Following to ROS production, mitochondrial membrane potential (MMP) is disrupted via formation of permeability transition pores that leads to induction of mitochondrial permeability transition (MPT) (Wong, 2011; Theodosakis et al., 2014). The later causes mitochondrial swelling and release of several pro-apoptotic proteins such as cytochrome c, Smac/DIABLO and the apoptosis-inducing factor (AIF) from mitochondria into cytosol (Scatena, 2012; Theodosakis et al., 2014). Although both T. coronatus crude extract and its F1 fraction induced the MMP collapse in the mitochondria from the melanoma tissues, but F1 fraction collapsed MMP in lower concentrations in comparison to the crude extract. Increased mitochondrial swelling as an indicator of MPT was also monitored during our study. T. coronatus crude extract and its F1 fraction caused significant mitochondrial swelling again, only in the mitochondria obtained from cancerous but, not extra tumoral tissue along with cytochrome c release into cytosol which is also a consequence of MPT pore-opening. MPT is as associated with apoptotic protease activating factor 1 (APAF-1) and formation of a complex with pro-caspase-9, followed by activation of downstream caspases (Scatena, 2012). Moreover, pretreatment with both Cs.A as an inhibitor of MPT pore and BHT as a ROS scavenger completely blocked the release of cytochrome c from the mitochondria obtained from cancerous tissues, which proves our assumption that apoptosis induction by T. coronatus extract crude extract and its F1 fraction are due to the oxidative stress and relies on the opening of the MPT pore.

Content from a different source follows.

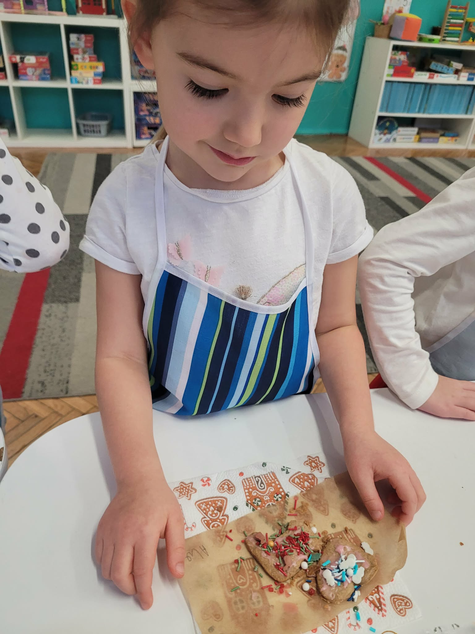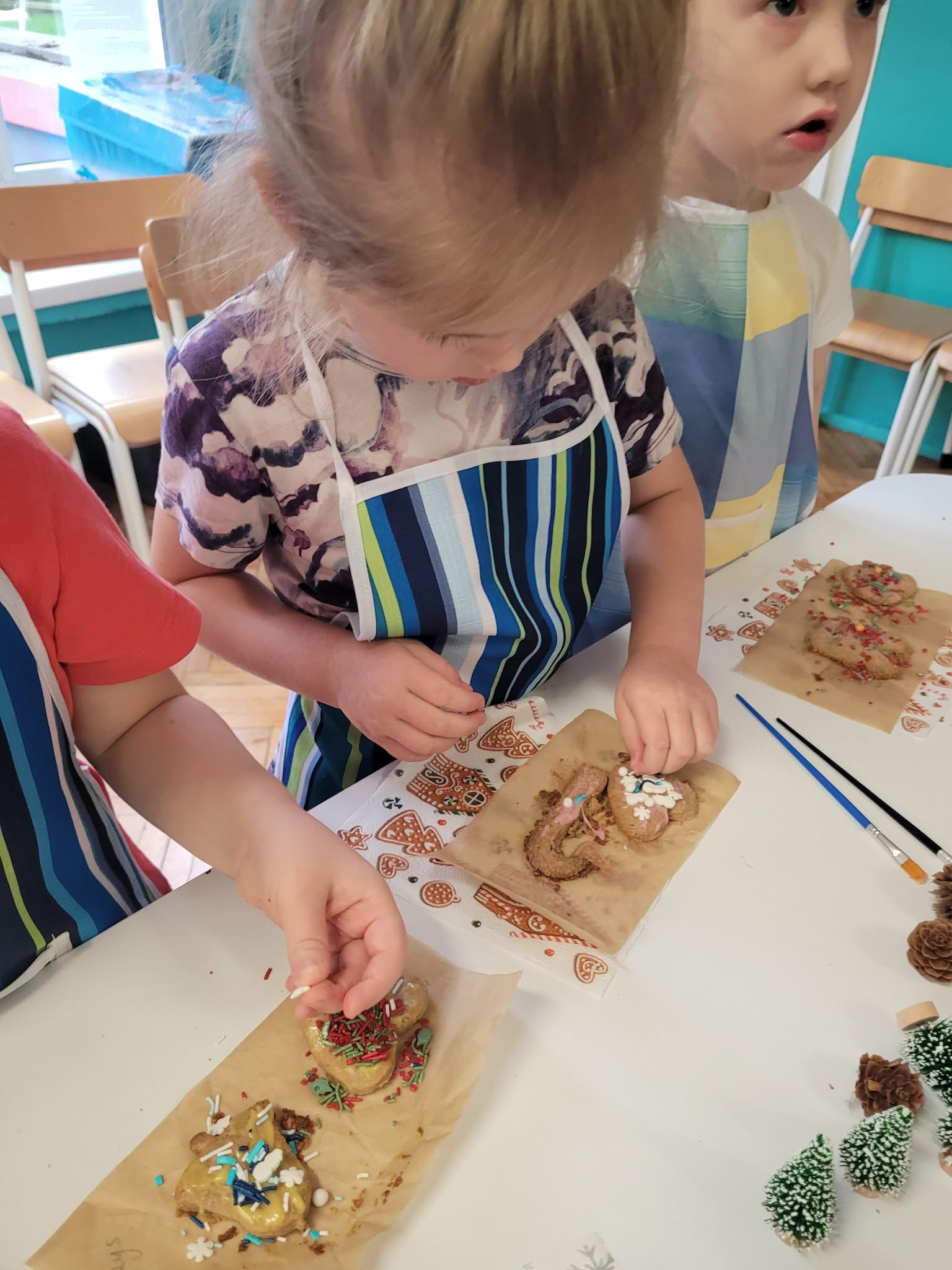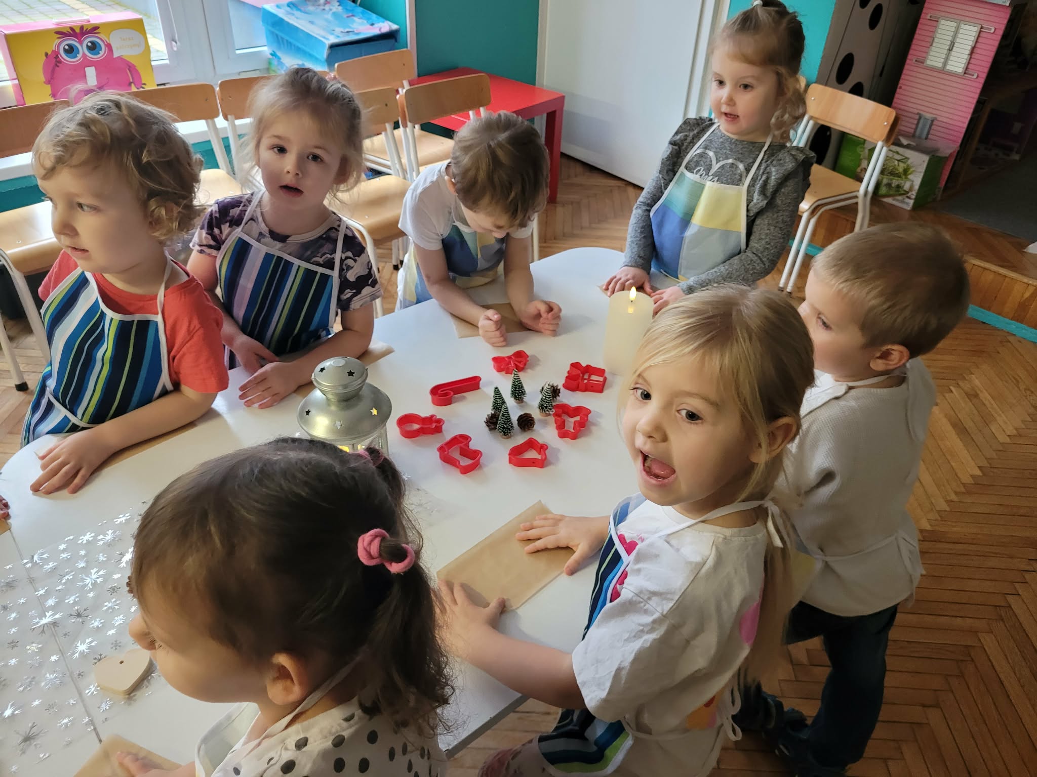 Święta Bożego Narodzenia zbliżają się wielkimi krokami. Nieodzownym elementem tych świat jest osoba Świętego Mikołaja. Nikt go jednak nie widział jak podklada prezenty pod choinke, ale... Każde dziecko wie, że to prawdziwy łasuch i nie potrafi odmówić sobie czegoś słodkiego i szklaneczki mleczka. Dzieci podczas warsztatów z grupa I miały okazję poznac rezepturę na pyszne pierniczki. Same ugniatały ciasto, szablonami wycinaly kształ,ty oraz własnoręcznie lukrowały i ozdabiały. Święty Mikołaj na pewno będzie zadowowlony z prezentu dla niego pod choinką.

The caspase-3 plays a terminative role of the apoptosis signaling as an important executioner. When activated, it cleaves a series of substrates, orchestrating apoptosis (Wong, 2011; Mirshamsi et al., 2017). In this study, our results showed that F1 fraction induced a significant increase of caspase-3 activity in the animal melanoma cells and caused apoptosis enhancement. Therefore, we concluded that fraction 1 (F1) of T. coronatus could directly and selectively target mitochondria and induce apoptosis in melanoma cells and inhibits tumor growth. F1 fraction can therefore be a potential candidate as a novel anti-tumor agent against melanoma cells.

Statement conflict of Interest

No potential conflict of interest was reported by the authors.